Detection of gyrA mutations by PCR-RFLP analysis (a) and PCR-SSCP analysis of SacII site-positive (b) and -negative (c) DNA. Lanes M, molecular size standard (HaeIII-digested φX174); lane +, SacII site-positive DNA fragment; lane −, SacII site-negative DNA fragment; lanes 1, wild type; lane 2, mutant containing alteration of GCC→GCT at codon 67 (silent); lane 3, mutant containing alteration of CGT→CGA at codon 68 (silent); lane 4, mutant containing alteration of CCG→CCA at codon 79 (silent); lane 5, mutant containing alteration of CGC→CGT at codon 91 (silent); lane 6, mutant containing alteration of Asp-87→Asn; lane 7, mutant containing alterations of CCG→CCA at codon 79 (silent) plus Asp-87→Gly; lane 8, mutant containing alterations of Ala-67→Ser plus Asp-87→Gly; lane 9, mutant containing alteration of Gln-106→Leu; lane 10, mutant containing alteration of Thr-83→Ile; lane 11, mutant containing alterations of CGT→CGA at codon 68 (silent) plus Thr-83→Ile; lane 12, mutant containing alterations of Thr-83→Ile plus CGC→CGT at codon 91 (silent); lane 13, mutant containing alterations of Thr-83→Ile plus Asp-87→Gly; lane 14, mutant containing alterations of Thr-83→Ile plus Asp-87→Asn; lane 15, mutant containing alterations of Thr-83→Ile plus Asp-87→His; lane 16, mutant containing alteration of GCG→GCA at codon 84 (silent); lane 17, mutant containing alteration of Ala-84→Pro; lane 18, mutant containing alterations of GCG→GCA at codon 84 (silent) plus Asp-87→Tyr. Lanes 6 through 13, 17, and 18, quinolone-resistant clinical strains; lanes 14 and 15, mutated plasmids derived from pGL2B5; lanes 16 and 18, generous gifts from T. Schollaardt, namely, P4394 and Y4492, respectively.

Table 1 presents the incidence of the wild-type strains and the 17 mutations, including three novel types (Ala-67→Ser plus Asp-87→Gly, Ala-84→Pro, and Gln-106→Leu), observed among all the strains and plasmids examined. The Thr-83→Ile mutation was the most frequent, while other mutations were rare. Twenty-six strains contained silent mutations, which do not lead to amino acid substitutions.

Table 2 shows the susceptibilities of the 335 clinical strains and strain Y4492 to 10 fluoroquinolones. Most of the strains containing wild-type GyrA were susceptible to all fluoroquinolones tested. Among the drugs tested, ciprofloxacin was the most potent against them (MIC at which 50% of isolates are inhibited [MIC₅₀], 0.20 μg/ml), followed by tosufloxacin and then CS-940 and norfloxacin. When ciprofloxacin resistance was designated as an MIC of ≥3.13 μg/ml, the proportion of resistant strains was 9 of 265 (3.4%) among the strains containing wild-type GyrA. In contrast, this ratio increased to 63 of 70 (90.0%) for GyrA mutants, and this ratio was significantly higher than that for strains containing wild-type GyrA (by the χ² test, P < 0.001).
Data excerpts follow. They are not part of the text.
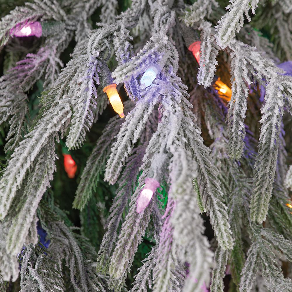 Pino Navideño Artificial Escarchado 228 cm de alto x 152 cm de ancho. 1131 puntas/750 luces LED multifuncionales blánco cálido o multicolor con control remoto.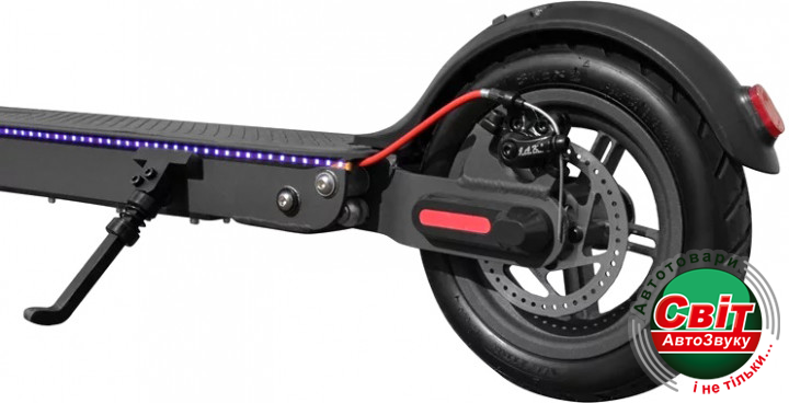 Большие 8 дюймовые колеса и амортизационная подвеска помогают ехать ровно и плавно, компенсируя тряску и вибрации, что особенно заметно на ухабистой и неровной дороге. А задний дисковый тормоз быстро останавливает электросамокат, делая тормозной путь максимально коротким.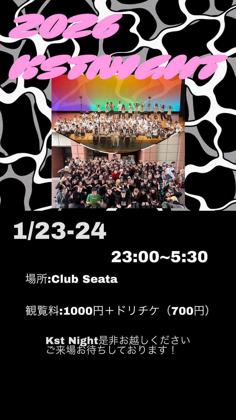 吉祥寺 CLUB SEATA スケジュール 2026.1.23(Fri) 2026 KSTNIGHT [OPEN/START] 23:00/23:30 [料金] 観覧料¥1,000 (1Drink代金¥700別途必要)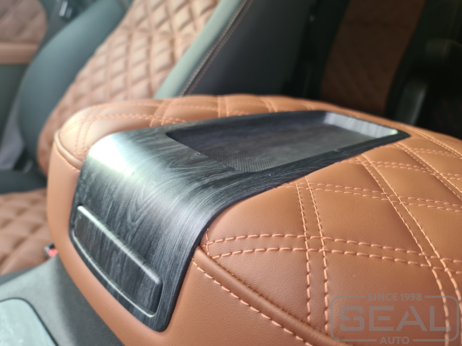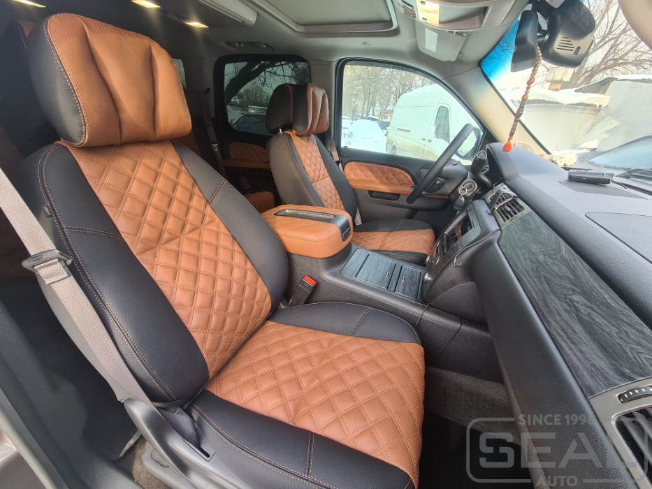 Перетяжка сидений (2 ряда), всех подголовников и переднего подлокотника - 104.000 рублей.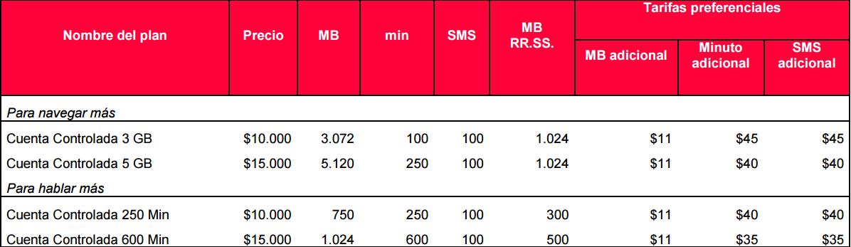 Ante esta suscripción existe una restricción para quienes se inscriban a un plan prepago en modalidad Cuenta Controlada, aquellos clientes no podrán activar o pedir prestadas bolsas o Antiplanes.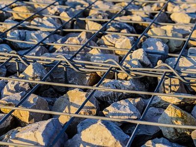 В настоящее время вместо плетеных корзин используются контейнеры из прочных металлических сеток различных размеров и форм. Их заполняют каменным материалом – карьерным камнем, щебнем, булыжниками, галькой и т.д. Размер камней должен быть больше диаметра ячеек сетки, но не должен превышать его более чем в 1,5–2 раза, чтобы камни, с одной стороны, не выпадали из оболочки, а с другой – чтобы между ними не было слишком больших пустот. Элементы наполнителя должны быть долговечными, тяжелыми, твердыми, прочными, морозоустойчивыми, иметь низкое водопоглощение и не терять прочности и твердости при насыщении водой. При этом чем более угловатыми будут камни, тем лучше будет блокировка и тем меньше будет деформирование габионных конструкций в процессе их работы.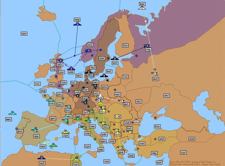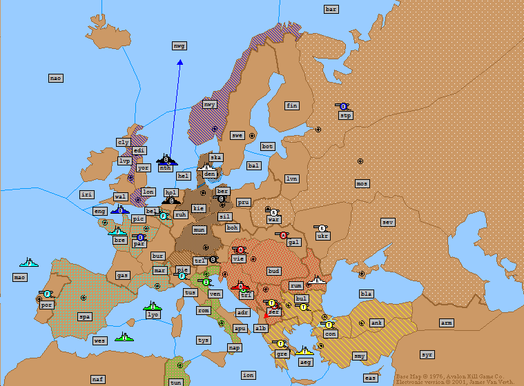 England: | F Norwegian Sea → Barents Sea A St Petersburg H (*Dislodged*) A Sweden → Livonia A Norway → Sweden A Edinburgh → Norway F North Sea C A Edinburgh → Norway F North Africa S F Mid-Atlantic Ocean → Western Mediterranean (*Cut*) |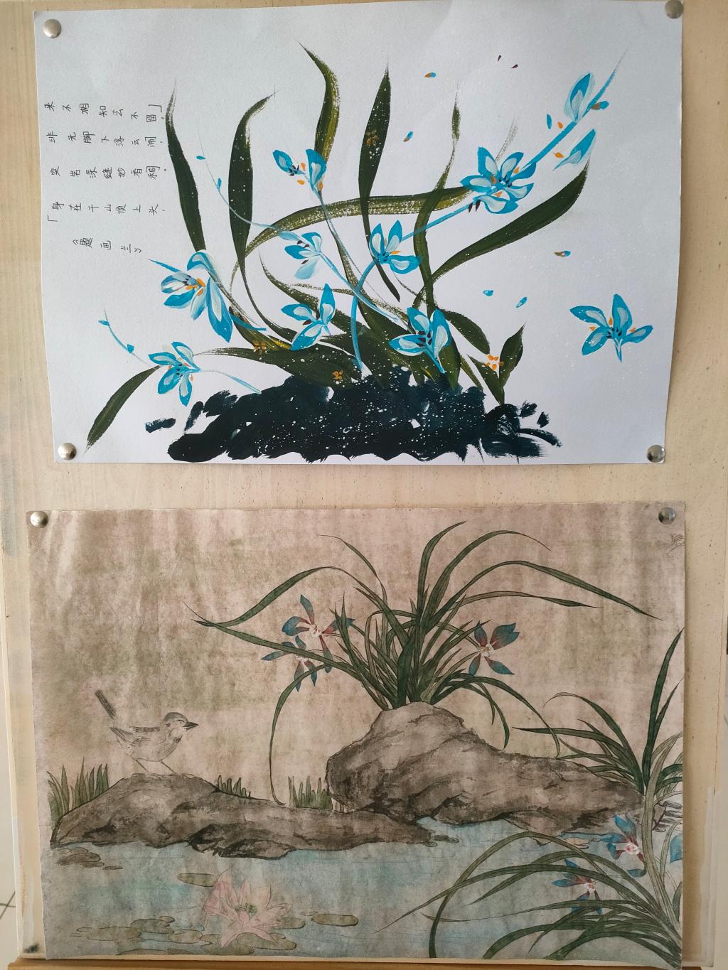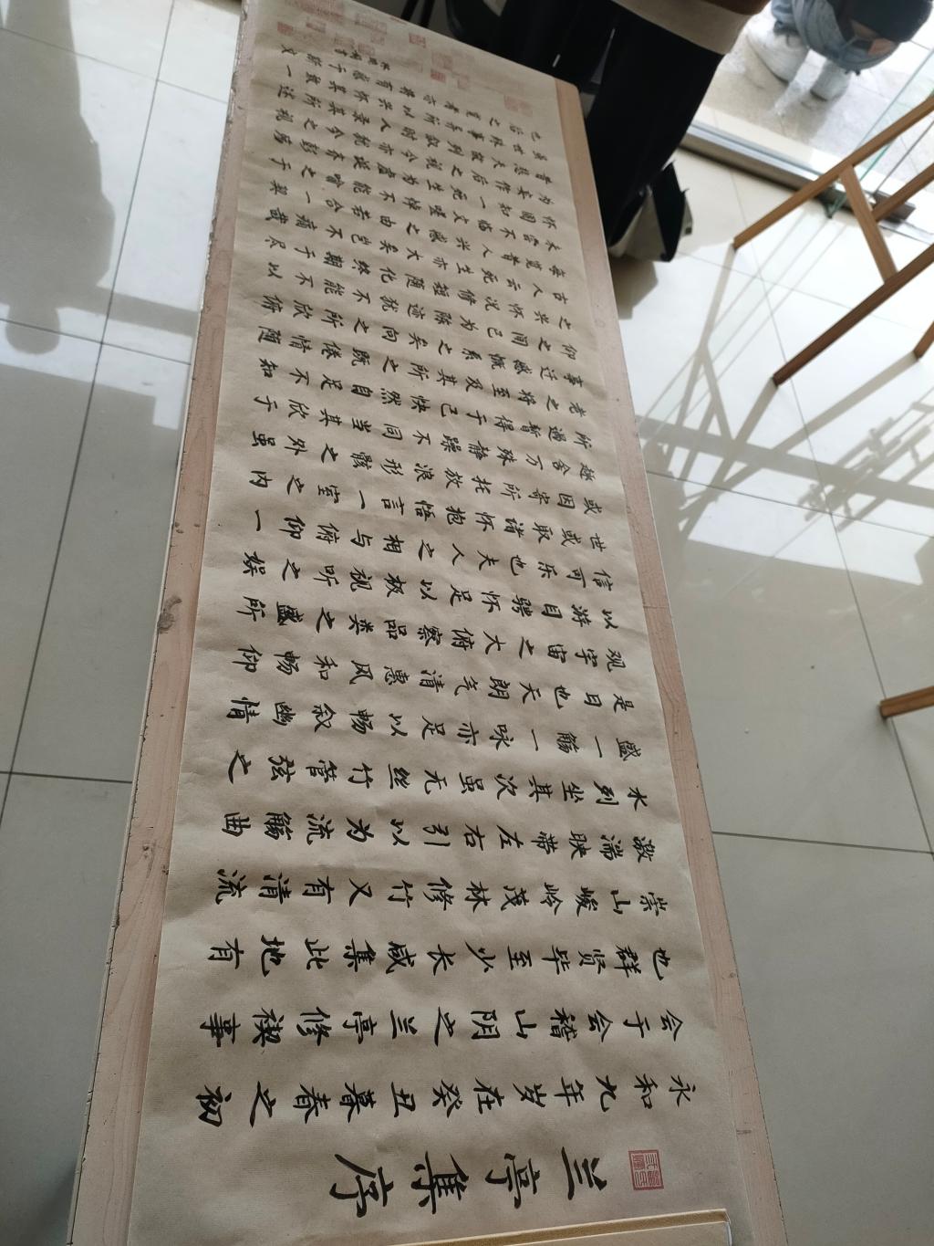 绘画区,兰花娇艳欲滴,仿佛在微风中轻轻晃动。书法区,《兰亭集序》笔锋飘逸,书写者凭借深厚功底,尽显曲水流觞的惬意,带观众仿若置身兰亭雅集。

Mutants with a Thr-83→Ile alteration showed high-level resistance to all 10 fluoroquinolones tested. The MIC₅₀s for mutants with a Thr-83→Ile alteration were from 32-fold higher (ofloxacin and gatifloxacin [AM-1155]) to 128-fold higher (with norfloxacin, ciprofloxacin, tosufloxacin, and lomefloxacin) than the MIC₅₀s for strains containing wild-type GyrA.

Although few strains contained point mutations other than the Thr-83→Ile mutation, the following tendencies were observed. Every type of GyrA mutant containing a missense mutation(s) showed cross-resistance to all fluoroquinolones tested. GyrA mutants containing a Thr-83→Ile alteration showed higher levels of resistance to fluoroquinolones than mutants containing a different single point mutation. Comparing the degree of rise in the MICs or MIC₅₀s of the fluoroquinolones tested for the mutants with the different mutations, the level of deterioration of antibacterial activity was relatively small with gatifloxacin, CS-940, and sparfloxacin, whereas it was high with lomefloxacin, ciprofloxacin, and norfloxacin.
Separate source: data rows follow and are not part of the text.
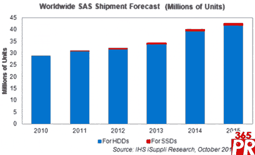2011年SAS在企業(yè)硬盤領(lǐng)域的出貨量預(yù)計(jì)達(dá)到3080萬個(gè),比 2010年的2880萬增長7%。相比之下,今年企業(yè)SSD領(lǐng)域的SAS出貨量要小得多,預(yù)計(jì)為30萬個(gè),但其增長率高達(dá)三位數(shù),去年出貨量只有10萬個(gè)。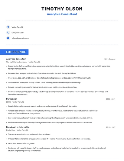 Build a professional analytics consultant resume in minutes. Browse through our resume examples to identify the best way to word your resume. Then choose from 5+ resume templates to create your analytics consultant resume.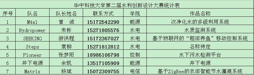 1、本次大赛共有16支队伍、16项作品入围初赛。经永利官网第二届水利创新设计大赛评审委员会本着“公平、公正、公开、科学、规范”的原则,通过设计资料审阅,从参赛作品的选题、方案设计、结构设计和制作等方面,对作品的合理性、创新性、实用性、先进技术的应用,筛选出7支队伍、7项作品进入决赛:作品列表如下:

In this study we found that most of the fluoroquinolone-resistant strains of P. aeruginosa possessed a point mutation of the Thr-83→Ile type; this was in accordance with previous reports (15, 32). This mutation was therefore considered to be selected more frequently, such as the Ser-83→Leu mutation in anE. coli mutant selected in a single step (7), and to survive under clinical, selective pressure. Point mutations were localized at codons 67, 83, 84, 87, and 106 and were closely related to fluoroquinolone resistance. In E. coli, gyrAmutations have been reported at codons 67, 81, 82, 83, 84, 87, and 106 (1, 5, 7, 16, 26, 27, 33). The sites of the point mutations in the gyrA gene of P. aeruginosa were nearly identical to those in E. coli. The results indicate that this restricted region probably plays a significant role in the quinolone-gyrase-DNA interaction, although contributions of mutations in other regions of the gyrA gene cannot be completely excluded.
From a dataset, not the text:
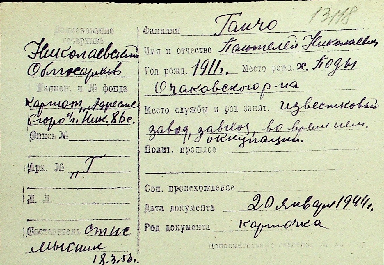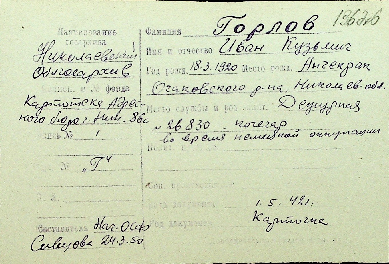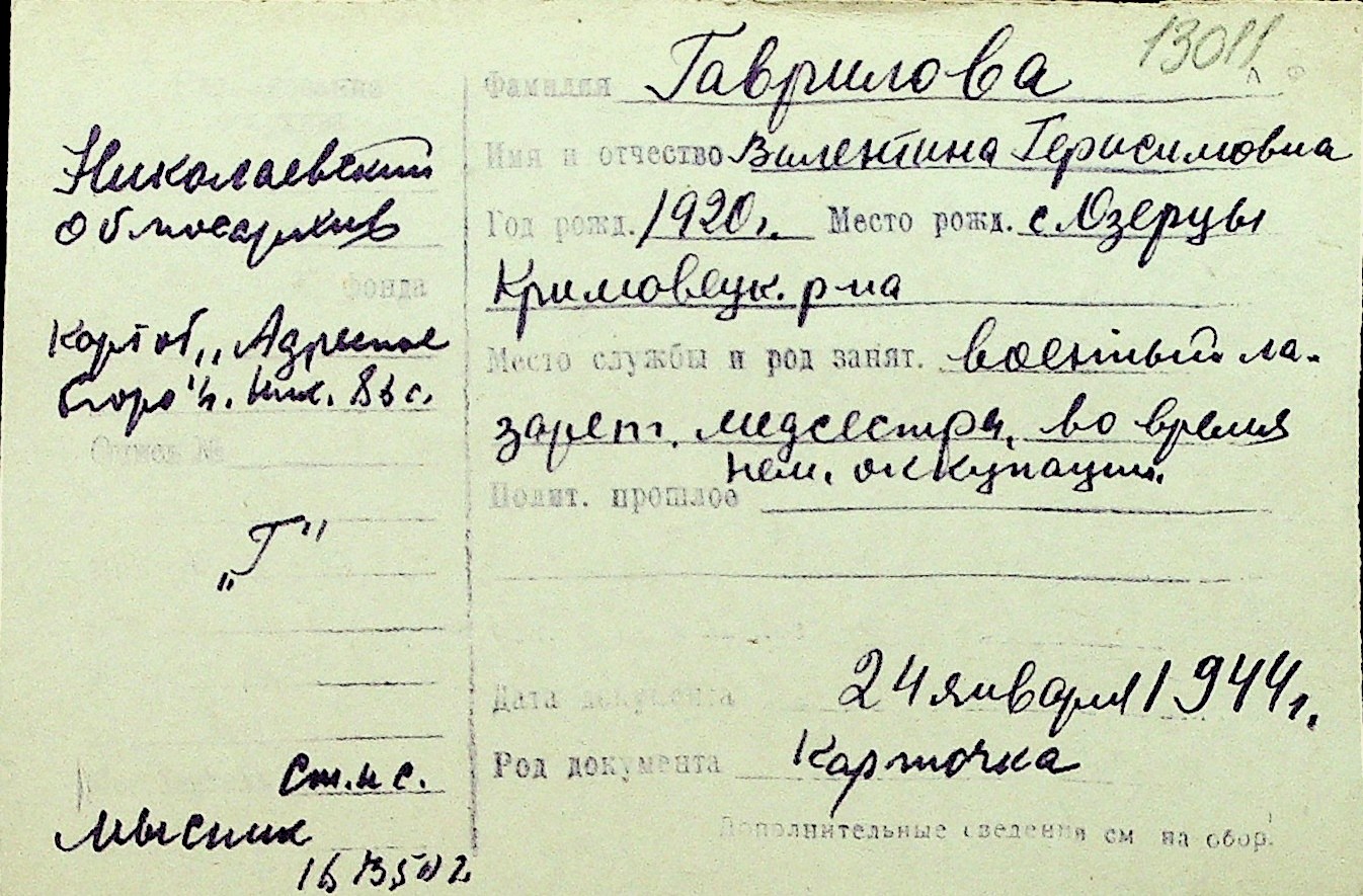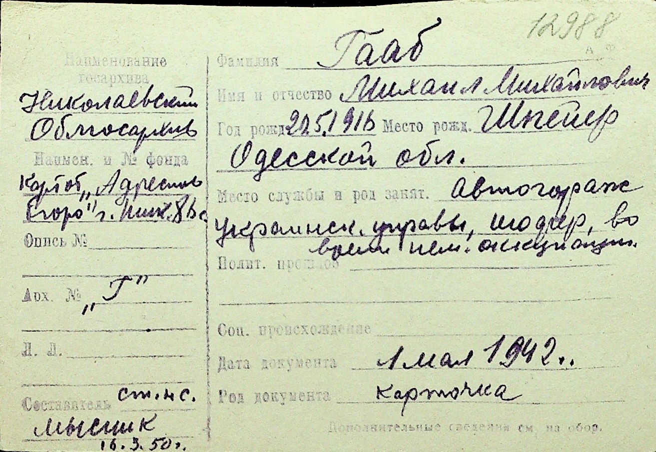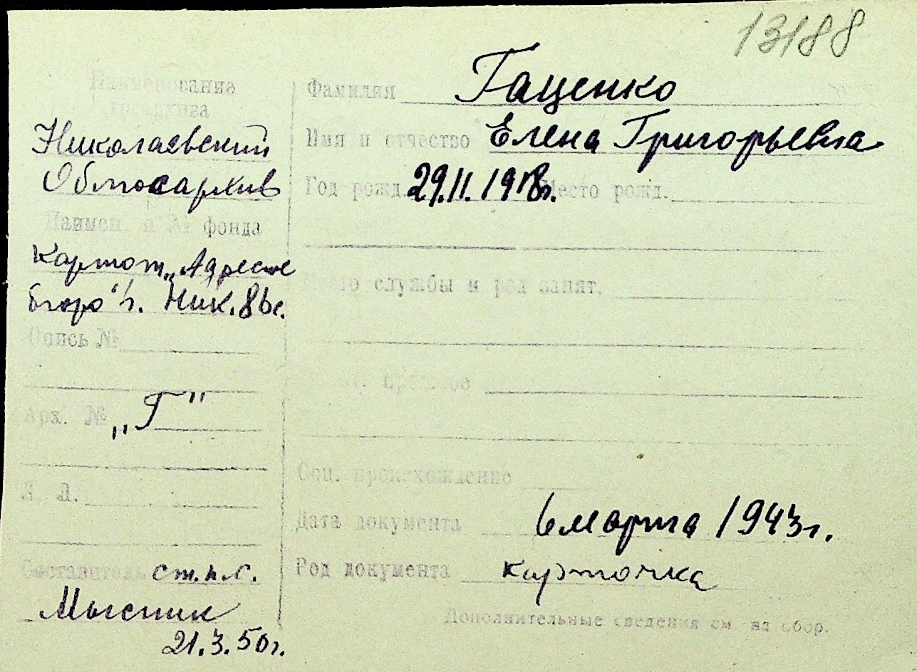 • • Перелік карток до фонду № Н-1016

Because the amino acid sequences of the quinolone resistance-determining region of P. aeruginosa is identical to that of E. coli except for that at position 83, the functional role of each residue is also likely to be identical. A Thr-83→Ile mutation in P. aeruginosa and the corresponding Ser-83→Leu, Trp, and Ala mutations reported inE. coli are all polar, uncharged (PU)-to-nonpolar, hydrophobic (NH) amino acid substitutions. Asp-87→Gly, Asn, and Tyr mutations, which are negatively charged-to-PU substitutions, were found in both P. aeruginosa andE. coli. However, Asp-87→His, a negatively charged-to-positively charged substitution, was also observed inP. aeruginosa, and Asp-87→Val, a negatively charged-to-NH substitution, was observed in E. coli. It is likely that a negatively charged amino acid at this position does not express the quinolone resistance phenotype (31). Ala-67→Ser, an NH-to-PU substitution, and Ala-84→Pro, an NH-to-NH substitution, found in this study were the same as those reported forE. coli, although the single mutation at position 67 was not found in our study. Exceptionally, at position 106, Gln→Leu, a PU-to-NH substitution, was observed in this study, while Gln→His and Arg, PU-to-positively charged substitutions, were reported inE. coli; the significance of this difference remains unknown.

Because clinical isolates have various genetic backgrounds, the MIC of a given fluoroquinolone sometimes varied more than 1,024-fold for strains with the same GyrA protein. To elucidate the definite relationship between types of GyrA mutations and the magnitude of resistance, a genetic investigation is under way.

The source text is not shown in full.